6.4. It is already harming lesbian and gay boys who get the message they must be transgender, rather than homosexual and seek puberty blockers, surgery and cross sex hormones. There is a sharp unexplained rise in girls who did not have dysphoria when younger, who feel different, dislike the changes of puberty and the sexualisation of girls. Lowering the age would have the inevitable result of more young people who regret their transition but are left with irreversible lifelong consequences. The government should not be encouraging young people to believe that biological sex can be changed and means nothing.
6.5. As Dr Az Hakeem MBBS, FRCPsych, Msc M.InstGA Consultant Psychiatrist, Visiting Professor in Psychiatry & Applied Psychotherapy, former Tavistock Clinic psychiatrist and psychotherapist notes in his book Trans, people develop how they describe their childhoods over the time they attend clinic to state they were always transgender. He emphasises how non-invasive ethical psychotherapeutic treatment can help people. Children may be doing the same online before getting to clinic. Enabling children and young people to get a GRC will prevent them from resolving their distress without hormones, surgery and long term physical consequences.
7.1. The striking issue about transition, transgender rights and the provision of single sex spaces, services and sports is how little data is collected, how much longitudinal data is missing and how equality impact assessments on the effect of the law, policy and operational decisions on women (and other protected characteristics) are also missing or poorly done.
7.2. Researchers have been deplatformed (e.g. Professor Selina Todd and Dr Stock), discouraged from undertaking research (James Caspian & Bath Spa University ), or have not reported (Tavistock GIDS research started in 2011 has been reported to the board but not published). Professor Alice Sullivan was disinvited from a NatCen seminar after raising concerns about the collection of sex data, at the behest of an activist charity. There have been objections to the collection of census data on sex.

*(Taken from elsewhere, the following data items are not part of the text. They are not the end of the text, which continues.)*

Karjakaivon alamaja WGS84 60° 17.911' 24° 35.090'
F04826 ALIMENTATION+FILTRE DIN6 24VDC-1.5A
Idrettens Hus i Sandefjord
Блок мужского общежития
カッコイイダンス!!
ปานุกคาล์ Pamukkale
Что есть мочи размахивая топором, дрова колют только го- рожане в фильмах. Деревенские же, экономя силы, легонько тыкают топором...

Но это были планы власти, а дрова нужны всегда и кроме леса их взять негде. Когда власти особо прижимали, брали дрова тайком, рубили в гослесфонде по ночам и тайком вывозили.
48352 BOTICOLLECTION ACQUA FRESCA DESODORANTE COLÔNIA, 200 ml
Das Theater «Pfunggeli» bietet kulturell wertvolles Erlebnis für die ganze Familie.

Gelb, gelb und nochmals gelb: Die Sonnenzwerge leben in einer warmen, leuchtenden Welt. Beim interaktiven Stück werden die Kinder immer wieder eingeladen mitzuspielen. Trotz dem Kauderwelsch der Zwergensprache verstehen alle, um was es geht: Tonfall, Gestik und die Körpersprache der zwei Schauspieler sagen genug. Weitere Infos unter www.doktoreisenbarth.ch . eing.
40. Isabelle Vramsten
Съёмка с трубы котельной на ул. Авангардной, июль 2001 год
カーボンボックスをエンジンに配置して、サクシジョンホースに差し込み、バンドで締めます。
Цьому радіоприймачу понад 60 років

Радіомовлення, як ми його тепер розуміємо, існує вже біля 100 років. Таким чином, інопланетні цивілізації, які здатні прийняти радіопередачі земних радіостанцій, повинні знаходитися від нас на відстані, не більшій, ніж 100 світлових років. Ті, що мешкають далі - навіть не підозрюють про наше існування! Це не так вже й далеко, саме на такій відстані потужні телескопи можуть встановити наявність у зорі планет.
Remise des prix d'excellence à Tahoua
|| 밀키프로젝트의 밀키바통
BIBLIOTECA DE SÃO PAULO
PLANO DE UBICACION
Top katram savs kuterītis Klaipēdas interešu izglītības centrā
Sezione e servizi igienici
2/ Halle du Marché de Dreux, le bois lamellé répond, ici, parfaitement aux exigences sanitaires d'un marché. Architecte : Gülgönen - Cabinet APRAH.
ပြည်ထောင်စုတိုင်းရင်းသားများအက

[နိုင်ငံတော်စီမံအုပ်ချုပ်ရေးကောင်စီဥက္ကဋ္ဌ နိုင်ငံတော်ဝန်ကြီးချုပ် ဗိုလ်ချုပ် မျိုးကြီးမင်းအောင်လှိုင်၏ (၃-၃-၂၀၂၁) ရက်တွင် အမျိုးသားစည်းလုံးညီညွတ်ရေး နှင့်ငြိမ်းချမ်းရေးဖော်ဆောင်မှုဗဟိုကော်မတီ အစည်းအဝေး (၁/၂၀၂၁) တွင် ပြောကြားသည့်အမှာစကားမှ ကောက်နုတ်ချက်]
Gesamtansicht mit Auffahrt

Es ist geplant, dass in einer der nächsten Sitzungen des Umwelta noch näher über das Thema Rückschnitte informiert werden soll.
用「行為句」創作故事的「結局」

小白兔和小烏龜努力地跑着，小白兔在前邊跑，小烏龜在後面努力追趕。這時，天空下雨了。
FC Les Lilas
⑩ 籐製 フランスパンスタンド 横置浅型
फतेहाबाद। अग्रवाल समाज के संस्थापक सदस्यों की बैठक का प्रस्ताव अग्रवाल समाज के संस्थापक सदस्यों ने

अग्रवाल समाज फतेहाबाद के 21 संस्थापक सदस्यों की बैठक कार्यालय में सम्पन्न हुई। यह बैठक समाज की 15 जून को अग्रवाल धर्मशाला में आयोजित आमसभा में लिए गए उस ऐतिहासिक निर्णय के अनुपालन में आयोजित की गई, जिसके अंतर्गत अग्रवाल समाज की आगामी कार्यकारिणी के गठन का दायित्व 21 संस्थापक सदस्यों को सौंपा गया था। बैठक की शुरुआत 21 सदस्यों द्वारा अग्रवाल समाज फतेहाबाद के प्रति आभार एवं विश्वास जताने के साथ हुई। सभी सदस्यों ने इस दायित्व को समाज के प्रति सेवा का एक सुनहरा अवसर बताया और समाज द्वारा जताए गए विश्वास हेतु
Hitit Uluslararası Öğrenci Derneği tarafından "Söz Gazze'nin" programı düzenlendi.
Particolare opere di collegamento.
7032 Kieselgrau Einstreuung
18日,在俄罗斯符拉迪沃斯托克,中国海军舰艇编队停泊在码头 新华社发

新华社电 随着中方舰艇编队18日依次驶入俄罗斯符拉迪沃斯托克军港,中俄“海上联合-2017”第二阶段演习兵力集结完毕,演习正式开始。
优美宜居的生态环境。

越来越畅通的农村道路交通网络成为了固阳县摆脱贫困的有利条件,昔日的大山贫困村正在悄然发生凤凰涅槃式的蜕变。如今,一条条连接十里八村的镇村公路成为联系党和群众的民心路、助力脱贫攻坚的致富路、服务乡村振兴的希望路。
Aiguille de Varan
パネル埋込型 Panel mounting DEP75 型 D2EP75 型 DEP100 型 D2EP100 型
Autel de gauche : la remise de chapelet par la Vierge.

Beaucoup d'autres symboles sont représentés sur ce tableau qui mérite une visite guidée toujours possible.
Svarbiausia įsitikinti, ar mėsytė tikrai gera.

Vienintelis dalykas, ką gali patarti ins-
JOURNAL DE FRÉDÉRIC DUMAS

7.3. Police data is already undermined by self ID so the arrests and convictions of legal males are reported as being women’s crime.
7.4. If we do not have sex data, we cannot take evidence based decisions. Without data on both sex and gender reassignment, good equality monitoring cannot take place. (eg gender pay gap data being skewed by late transitioning success male born senior executives)
7.5. Action: Ensure evidence based decisions by collecting and analysing data, undertaking robust research and equality impact assessments that take into account the impact on other protected characteristics (sex, religion or belief and disability).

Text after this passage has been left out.